Юноша опустил окно кареты и жадно вдохнул воздух. К степному аромату уже примешивался острый запах моря.
Казначееву невольно передалось волнение его молодого спутника.
Оба они погрузились в воспоминания…
Это происходило четыре года назад. В то время Казначеев был градоначальником в Феодосии.
Однажды проезжал он берегом моря по одной из окраинных улиц. В тот день он устал, и прогулка доставляла особенное удовольствие.
Солнце уже клонилось к закату, с моря дул свежий ветерок. Казначеев откинулся на кожаные подушки экипажа и слегка прикрыл глаза. Улицы здесь были узкие, каменистые, кучер придерживал лошадей. Экипаж мягко покачивался на рессорах, и Казначеев незаметно задремал.
Из дремоты его неожиданно вывели звуки музыки. На подоконнике открытого окна небольшого домика примостился мальчик лет одиннадцати-двенадцати и с увлечением играл на скрипке. Казначеев слегка прикоснулся к спине кучера, молча приказывая придержать лошадей.
Мальчик так был погружен в свое занятие, что не заметил остановившегося у дома экипажа. Казначеев сидел неподвижно и внимательно слушал, не спуская глаз с маленького музыканта. Когда тот кончил играть, Казначеев громко похвалил:
— Отменно играешь!
Мальчик вздрогнул и только тут заметил важного господина в экипаже. Он сильно смутился и от растерянности спрятал скрипку за спину.
Казначеев попытался его успокоить:
— Не бойся. Лучше сыграй мне что-нибудь еще…

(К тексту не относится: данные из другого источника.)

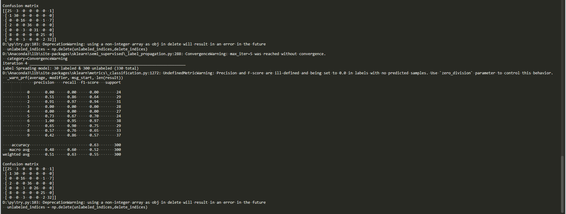 import numpy as np import matplotlib.pyplot as plt from scipy import stats from sklearn import datasets from sklearn.semi_supervised import label_propagation from sklearn.metrics import classification_report,confusion_matrix# 再加下面这个,不然会报错 from scipy.sparse.csgraph import *digits = datasets.load_digits() rng = np.random.RandomState(0)# indices是随机产生的0-1796个数字,且打乱 #indices:[1081 1707 927 ... 1653 559 684] indices = np.arange(len(digits.data)) rng.shuffle(indices)# 取前330个数字来玩 X = digits.data[indices[:330]] y = digits.target[indices[:330]] images = digits.images[indices[:330]]n_total_samples = len(y) # 330 n_labeled_points = 10 # 标注好的数据共10条 max_iterations = 5 # 迭代5次#未标注的数据320条 #即[10 11 12 ... 329] unlabeled_indices = np.arange(n_total_samples)[n_labeled_points:] f = plt.figure() # 画图用的for i in range(max_iterations):if len(unlabeled_indices) == 0:print("no unlabeled items left to label") # 没有未标记的标签了,全部标注好了breaky_train = np.copy(y)y_train[unlabeled_indices] = -1 #把未标注的数据全部标记为-1,也就是后320条数据lp_model = label_propagation.LabelSpreading(gamma=0.25,max_iter=5) # 训练模型lp_model.fit(X,y_train)predicted_labels = lp_model.transduction_[unlabeled_indices] # 预测的标签true_labels = y[unlabeled_indices] # 真实的标签print('**************************')print(predicted_labels)print(true_labels)print('**************************')cm = confusion_matrix(true_labels,predicted_labels,labels = lp_model.classes_)print("iteration %i %s" % (i,70 * "_")) # 打印迭代次数print("Label Spreading model: %d labeled & %d unlabeled (%d total)"% (n_labeled_points,n_total_samples-n_labeled_points,n_total_samples))print(classification_report(true_labels,predicted_labels))print("Confusion matrix")print(cm)# 计算转换标签分布的熵# lp_model.label_distributions_作用是Categorical distribution for each itempred_entropies = stats.distributions.entropy(lp_model.label_distributions_.T)# 选择分类器最不确定的前5位数字的索引# 首先计算出所有的熵,也就是不确定性,然后从320个中选择出前5个熵最大的# numpy.argsort(A)提取排序后各元素在原来数组中的索引。具体情况可看下面# np.in1d 用于测试一个数组中的值在另一个数组中的成员资格,返回一个布尔型数组。具体情况可看下面uncertainty_index = np.argsort(pred_entropies)[::1]uncertainty_index = uncertainty_index[np.in1d(uncertainty_index,unlabeled_indices)][:5] # 这边可以确定每次选前几个作为不确定的数,最终都会加回到训练集# 跟踪我们获得标签的索引delete_indices = np.array([])# 可视化前5次的结果if i < 5:f.text(.05,(1 - (i + 1) * .183),'model %d\n\nfit with\n%d labels' %((i + 1),i*5+10),size=10)for index,image_index in enumerate(uncertainty_index):# image_index是前5个不确定标签# index就是0-4image = images[image_index]# 可视化前5次的结果if i < 5:sub = f.add_subplot(5,5,index + 1 + (5*i))sub.imshow(image,cmap=plt.cm.gray_r)sub.set_title("predict:%i\ntrue: %i" % (lp_model.transduction_[image_index],y[image_index]),size=10)sub.axis('off')# 从320条里删除要那5个不确定的点# np.where里面的参数是条件,返回的是满足条件的索引delete_index, = np.where(unlabeled_indices == image_index)delete_indices = np.concatenate((delete_indices,delete_index))unlabeled_indices = np.delete(unlabeled_indices,delete_indices)# n_labeled_points是前面不确定的点有多少个被标注了n_labeled_points += len(uncertainty_index)f.suptitle("Active learning with label propagation.\nRows show 5 most""uncertain labels to learn with the next model") plt.subplots_adjust(0.12,0.03,0.9,0.8,0.2,0.45) plt.show()

Ласковое обращение и доброе лицо незнакомца рассеяли робость скрипача, и он заиграл новый, на этот раз грустный, щемящий мотив. Казначеев недавно слышал этот напев в гостях у знакомого армянина. И сейчас его поразило, как тонко и верно маленький виртуоз передал на скрипке все особенности восточной мелодии.
— У тебя великолепный слух, — еще раз похвалил градоначальник мальчика. — Как тебя зовут?
— Оник…
— Ты армянин? Оник по-русски — Ваня?
— Да. Меня многие зовут Ваней.
— А как фамилия твоего отца, и чем он промышляет?
— Гайвазовский, — отвечал мальчик. — Батюшка ходит по тяжебным делам и пишет прошения на базаре.
Казначеев ласково кивнул мальчугану и уехал. По дороге он несколько раз повторил про себя: «Ваня Гайвазовский».
Через несколько дней во время обычной утренней прогулки Казначеев снова очутился в лабиринте тесных переулков за Арабатской улицей. Ему правился этот тихий уголок в ранние часы. Казалось, солнце здесь по-особому освещало беленные известью заборы и выщербленные каменные плиты узких тротуаров. Он переходил из одного пустынного переулка в другой. И трудно ему было поверить, что за этими высокими каменными заборами живут люди. Казначеев решил уже повернуть назад, как вдруг внимание его привлек длинный забор, на котором углем были нарисованы какие-то фигуры. Подойдя поближе, он увидал, что изображен солдат в полной амуниции.
Хотя Казначеев славился своей добротой, но многие знали за ним способность внезапно сильно вспылить. Так случилось и на этот раз. В рисунке он усмотрел нарушение городского благообразия. Рассердился Казначеев еще и потому, что разрисованная стена неожиданно нарушила приятную раннюю прогулку. Он стал искать калитку или ворота, чтобы постучать домовладельцу, и, оглянувшись, заметил полицейского. Блюститель порядка с пышными рыжими усами был грузен и неуклюж. Увидев градоначальника, он приложил руку к козырьку и затрусил к нему. Эта фигура могла рассмешить кого угодно, и Казначеев от души рассмеялся. Поэтому, когда полицейский подбежал, градоначальник успел остыть и ограничился приказанием забелить неуместное художество.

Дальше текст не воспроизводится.